The most critical step was the melt. Without it, I couldn't filter by year, couldn't group by vaccine type, and couldn't merge by year with any supplementary dataset. The wide format was designed for human reading; the long format was designed for computation. Knowing when to use which is the whole skill.
The merge was straightforward this time because the ISO3 codes matched perfectly. In real WHO work, country names are a nightmare — 'Cote d'Ivoire' vs 'Ivory Coast', 'Lao PDR' vs 'Laos', 'Bolivia (Plurinational State of)' vs 'Bolivia.' Always merge on ISO3 codes when possible. When you can't, use a lookup table and check for mismatches before merging.
The weighted average computation was essential for honest reporting. An unweighted average of AFRO countries would overweight small countries like Djibouti relative to Nigeria. Population weighting ensures the summary reflects the actual health experience of children in the region."
The Data Science Takeaway
This case study demonstrates the full reshape-merge-group-pivot cycle that characterizes real analytical work:
- Melt to convert human-readable wide format into analysis-ready long format
- Merge to combine data from multiple sources using appropriate keys
- GroupBy to compute weighted regional summaries
- Pivot to convert analytical results back into human-readable report tables
Amara's workflow also illustrates two principles that apply far beyond health data:
- The shape you receive data in is almost never the shape you need for analysis.

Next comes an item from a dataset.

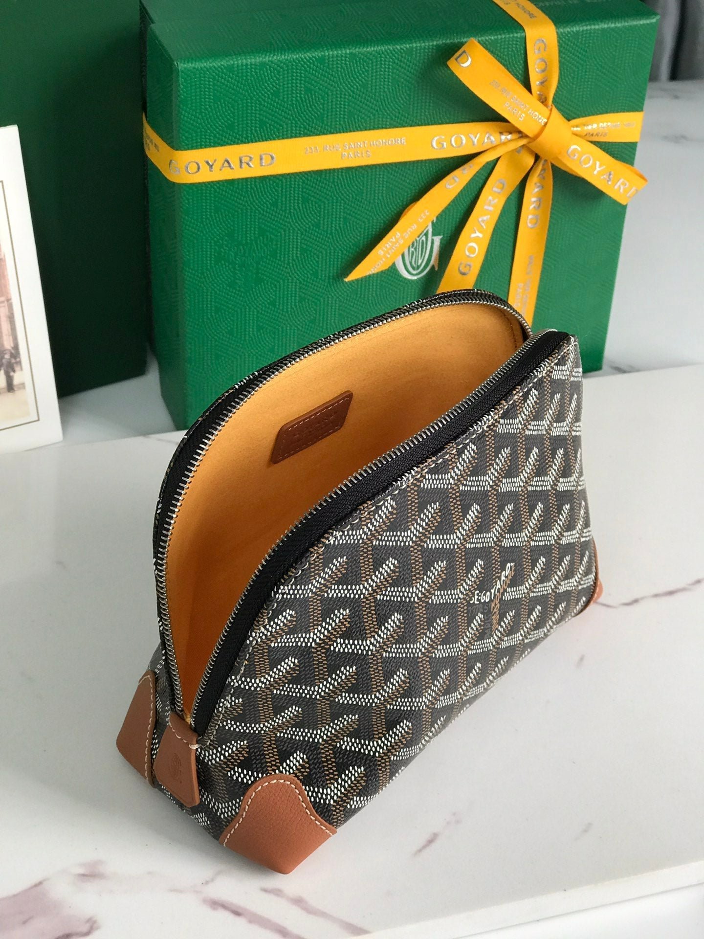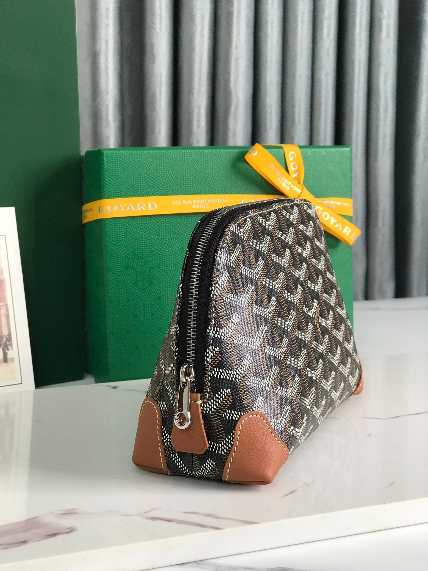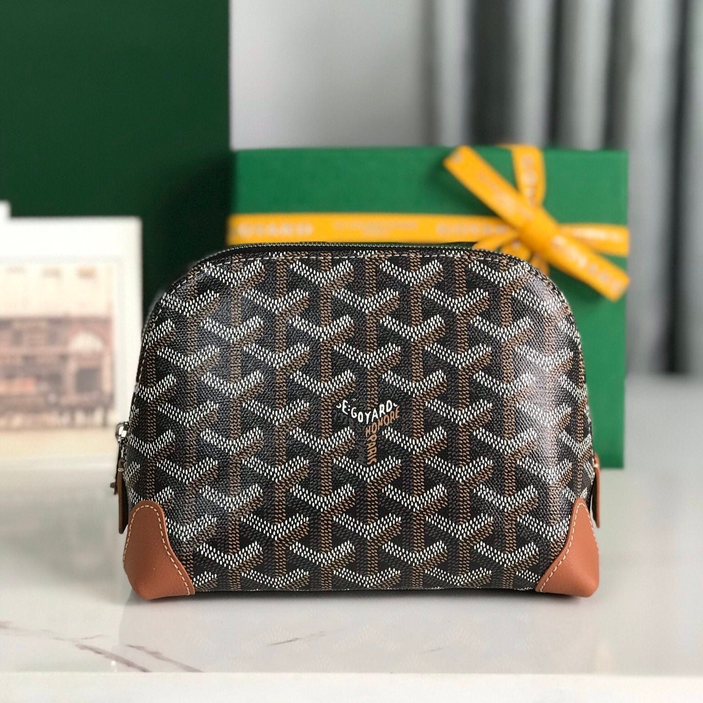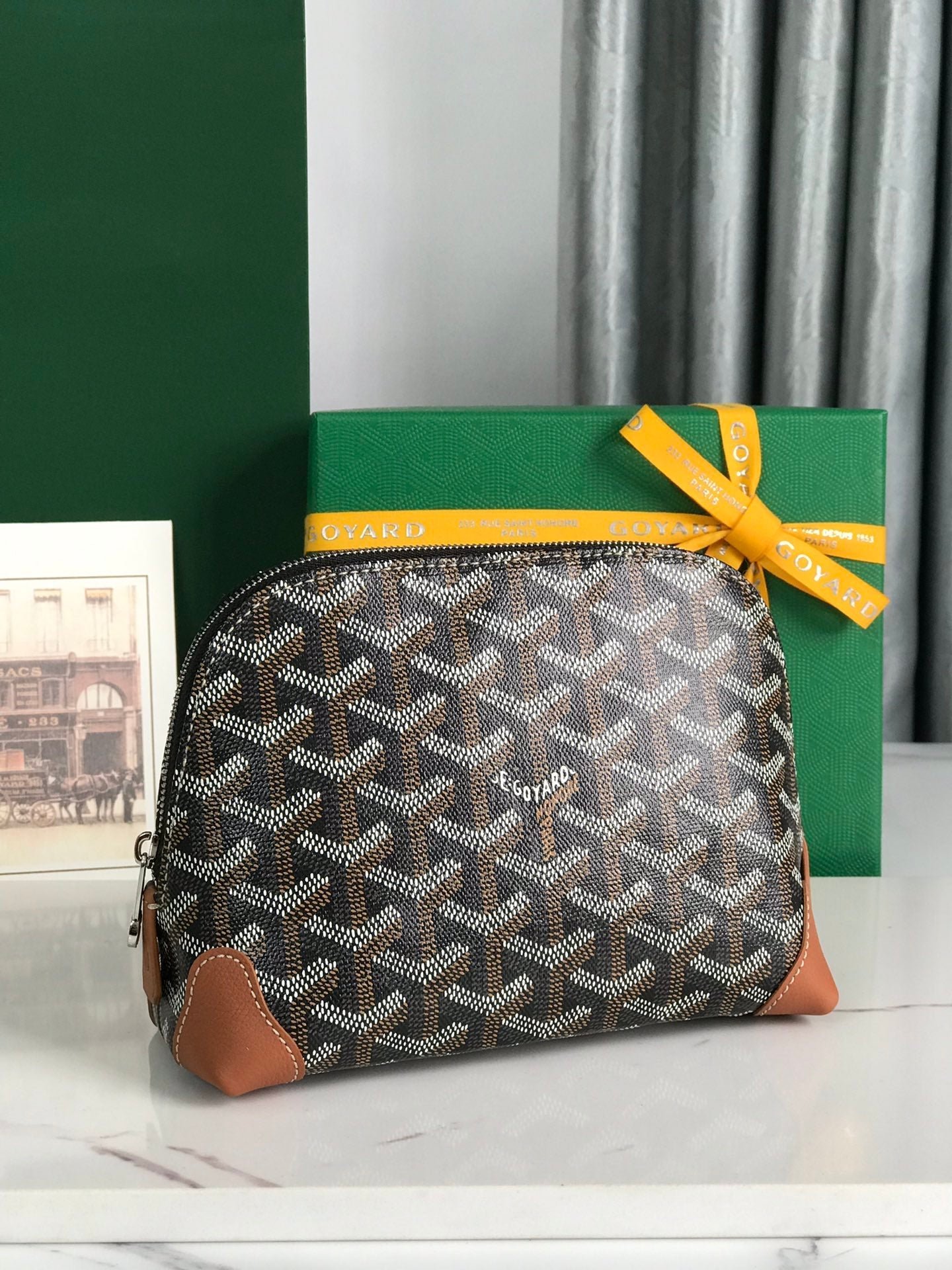 ? Material: Goyardine canvas and calfskin trim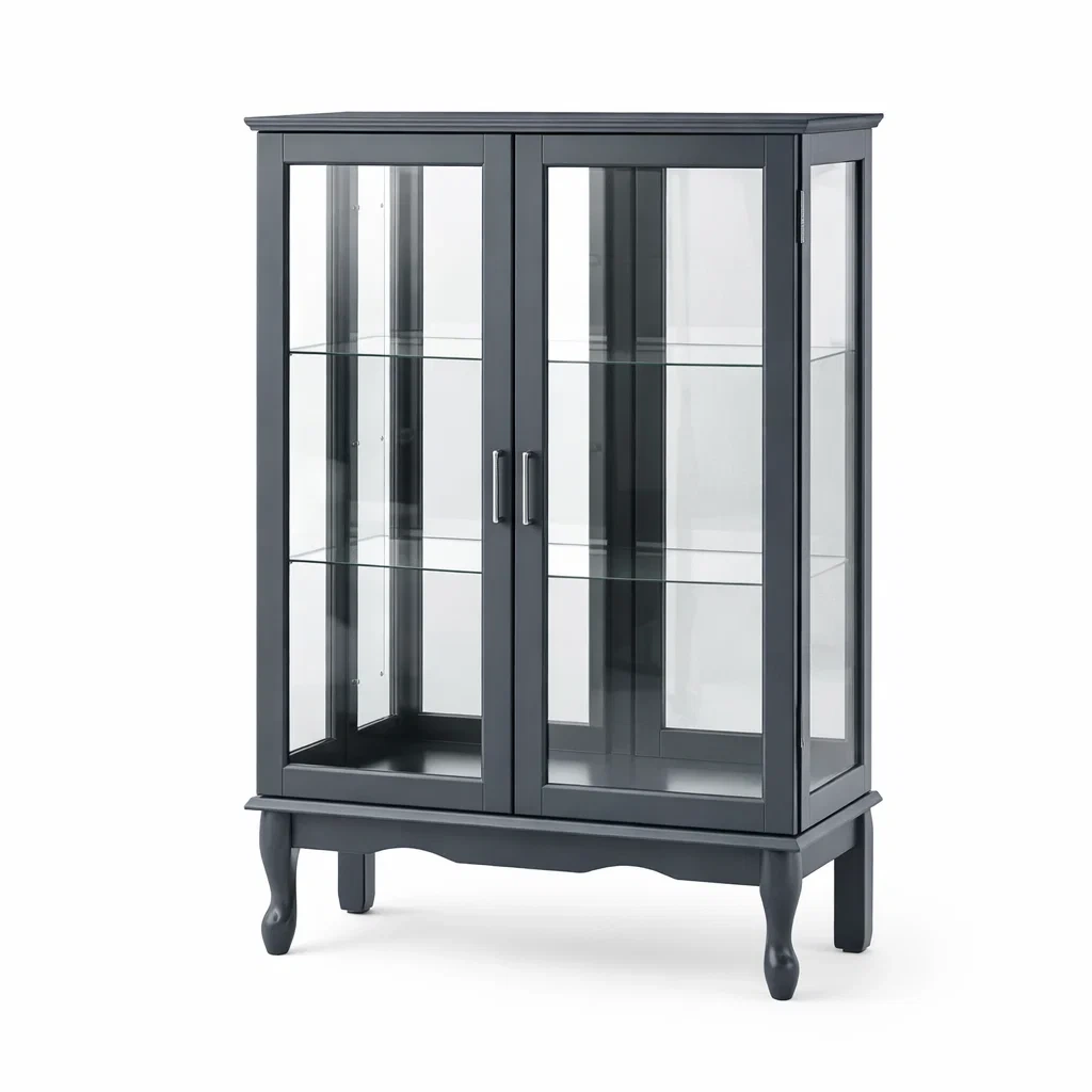 Cette vitrine est fabriquée en bois avec des panneaux latéraux et des portes en verre trempé de 5 mm d'épaisseur. La structure est renforcée par des éléments métalliques. Elle dispose de trois niveaux de rangement, adaptés pour des objets de décoration ou des livres.

Reshaping is not a preliminary step — it IS the work.
- Summary tables for reports need a different shape than analysis tables. You'll often melt for computation and pivot back for presentation. Being fluent in both directions is what separates a data analyst from someone who just knows pandas syntax.